[Opening Source records section]

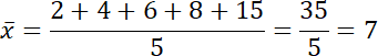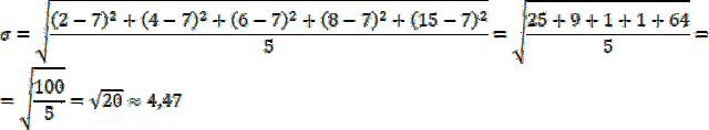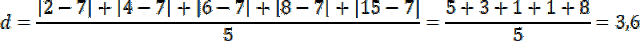 Należy policzyć dla liczb: 2, 4, 6, 8, 15; czy odchylenie przeciętne jest mniejsze, równe czy większe od odchylenia standardowego.
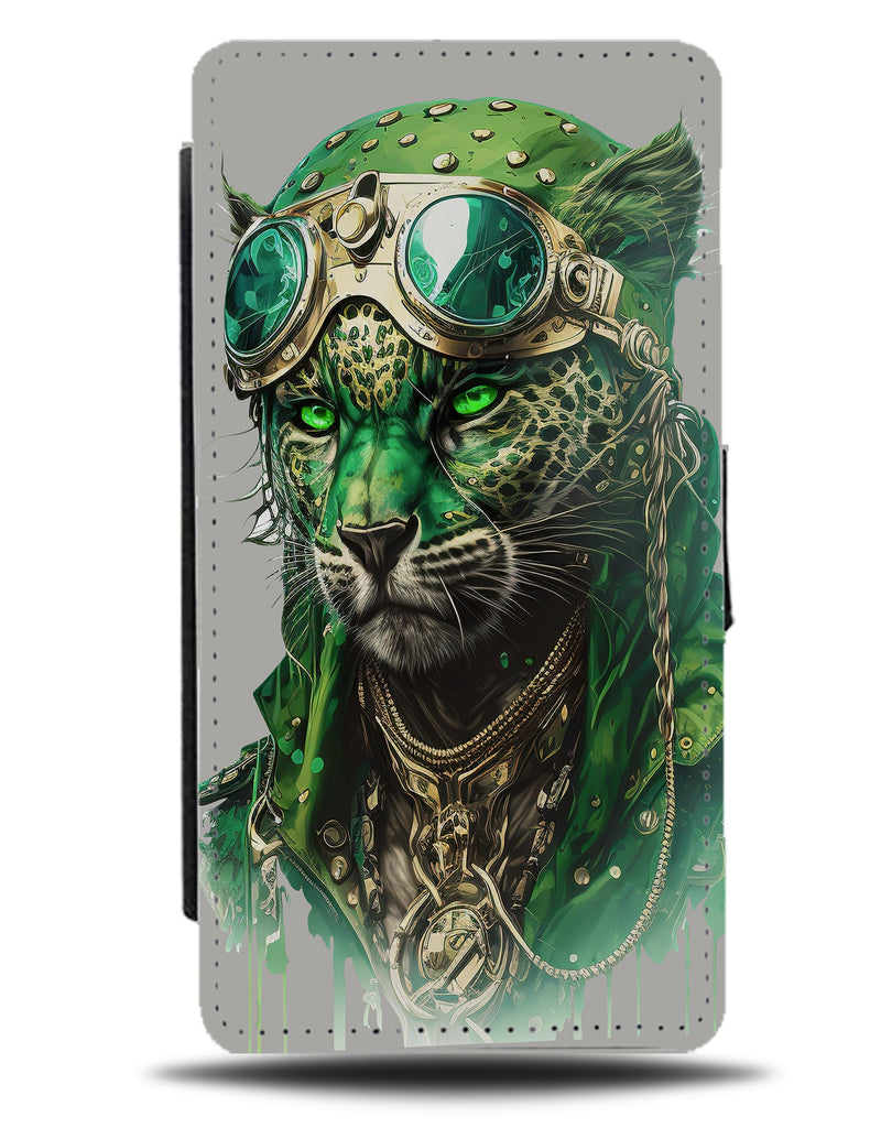 Cyberpunk Leopard Pilot Flip Wallet Phone Case Pilots Leopards Design Helmet BK03
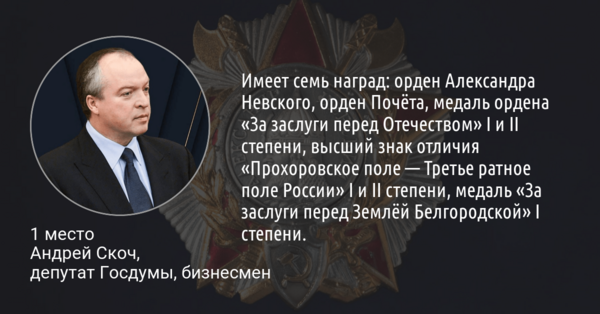 После недавнего награждения депутата облдумы Сергея Гусева медалью ордена «За заслуги перед Отечеством» I степени Дана Зибрина погрузилась в изучение престижных федеральных и региональных наград, чтобы сделать рейтинг белгородцев, получивших наибольшее их количество. Для рейтинга мы взяли не все существующие в стране награды, а только часть из них.
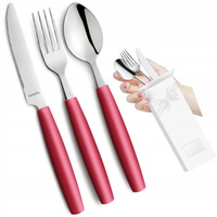Amefa sztućce dziecięce zestaw 3 dla dziecka kolorowe wiśniowe czerwone Pixel nóż widelec łyżka bez niklu do przedszkola
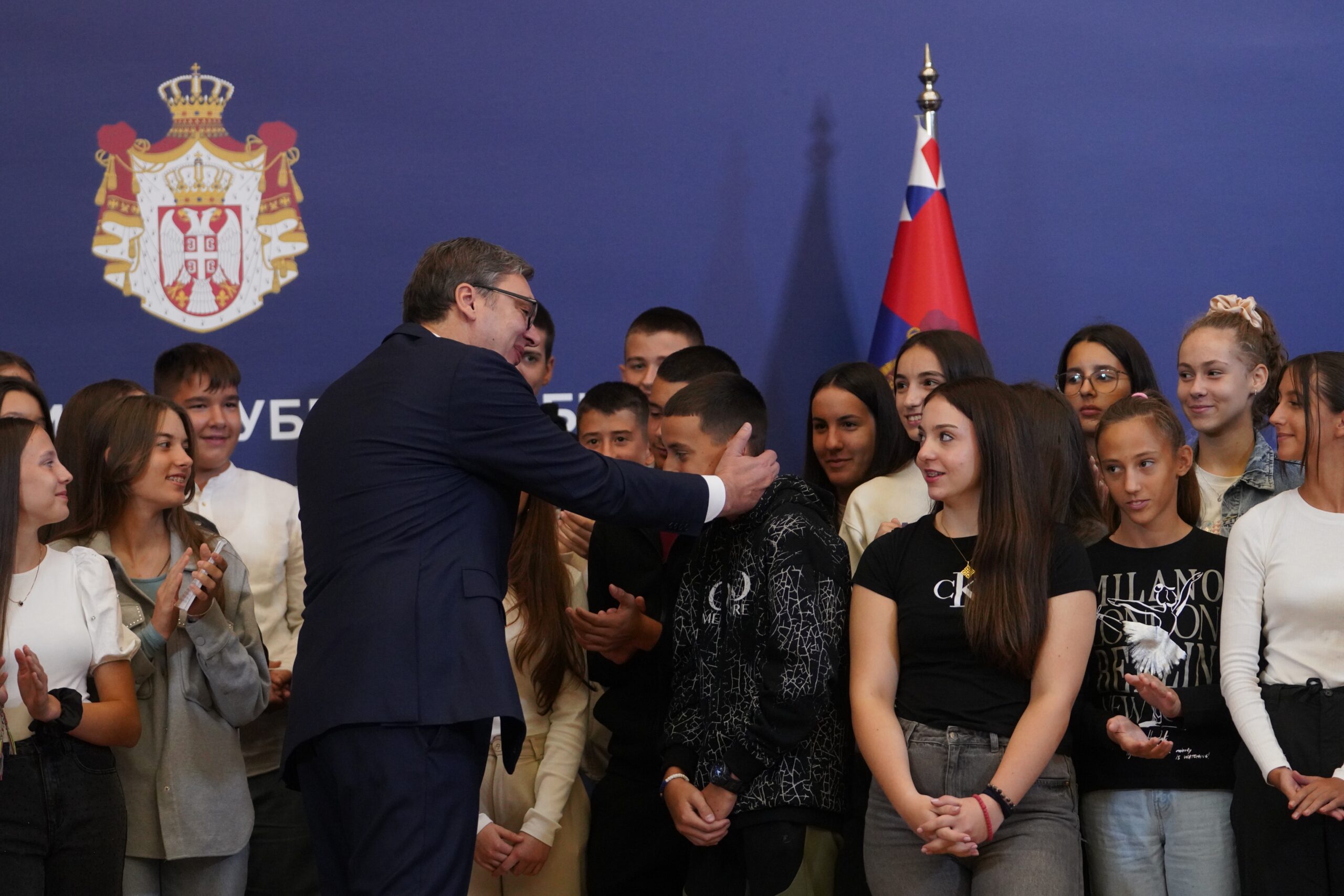 Povodom obeležavanja Dana srpskog jedinstva, slobode i nacionalne zastave, predsednik Srbije Aleksandar Vučić primio je danas učenike i nastavnike osnovnih škola i predsednike opština iz Republike Srpske i Crne Gore.
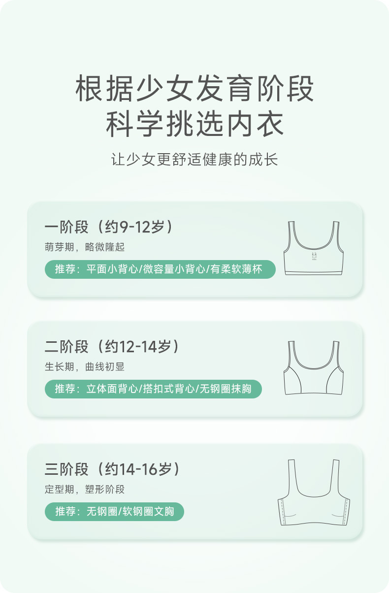 萌芽期一阶段小学生背心女童内衣 青春期女孩打底棉质少女内衣
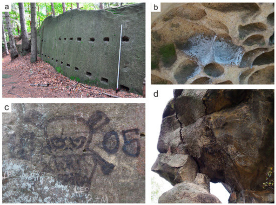 While the rock complex of greatest hardness was prepared, destructive factors such as congelifraction (frost weathering), insolation, solifluction, suffusion, corrosion, and deflation started to affect all surfaces, leading to the formation of isolated rocks, such as rock pillars (Figure 2a,b) and ridges (Figure 2c). The type of Ciężkowice Sandstone weathering, mainly granular disintegration, was determined mainly by the stone’s lithological character. The extensive niches at the bases of many rock formations were caused by the intense activity of the weathering processes mentioned above on the beds of poorly sorted and cemented conglomerate sandstone. The erosion was most intense in areas of diversified substrate resistance, such as along joint cracks. The subsequent stages of the Prządki rocks’ morphological transformation are the result of large-scale movements, e.g., rockfalls and landslides, gravitational settling, down-creeping, and bioerosion (Figure 2g)—a result of vegetation appearance [33,74].
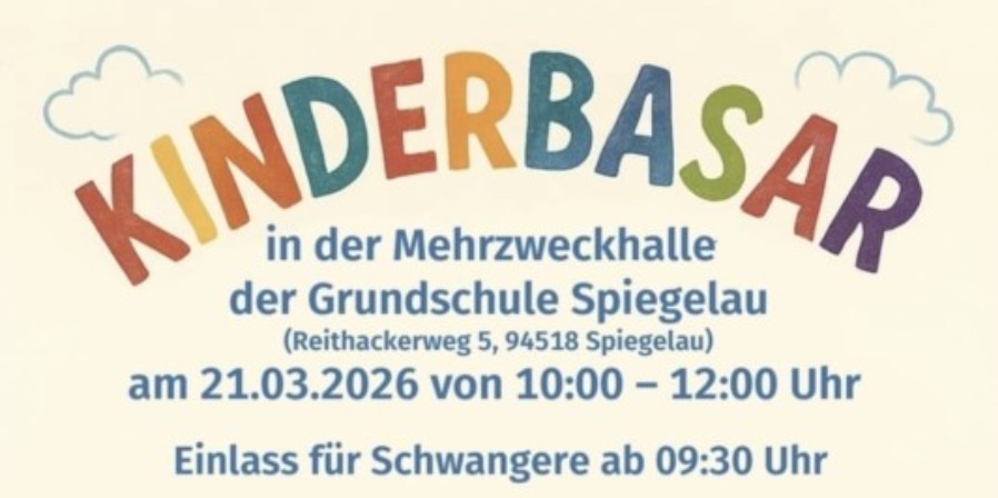 Kinderbasar in Spiegelau am Samstag, 21.03.2026 von 10:00 bis 12:00 Uhr in der Mehrzweckhalle der Grundschule Spiegelau.
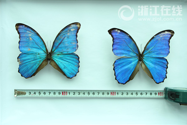 所有闪蝶,不论是闪光的,还是不闪光的,翅的反面或多或少都具有成列的眼状斑纹。此次截获的闪蝶为蓝色,色泽艳丽,眼状斑纹明显,展翅可达140mm,堪称“蓝色妖姬”。

[Closing Source records section]

• What you are asked to do:
Begin at the first line of the records. Print every line through the one containing "После недавнего награждения" exactly, but skip the pictures.

• Expected answer:
 Należy policzyć dla liczb: 2, 4, 6, 8, 15; czy odchylenie przeciętne jest mniejsze, równe czy większe od odchylenia standardowego.
 Cyberpunk Leopard Pilot Flip Wallet Phone Case Pilots Leopards Design Helmet BK03
 После недавнего награждения депутата облдумы Сергея Гусева медалью ордена «За заслуги перед Отечеством» I степени Дана Зибрина погрузилась в изучение престижных федеральных и региональных наград, чтобы сделать рейтинг белгородцев, получивших наибольшее их количество. Для рейтинга мы взяли не все существующие в стране награды, а только часть из них.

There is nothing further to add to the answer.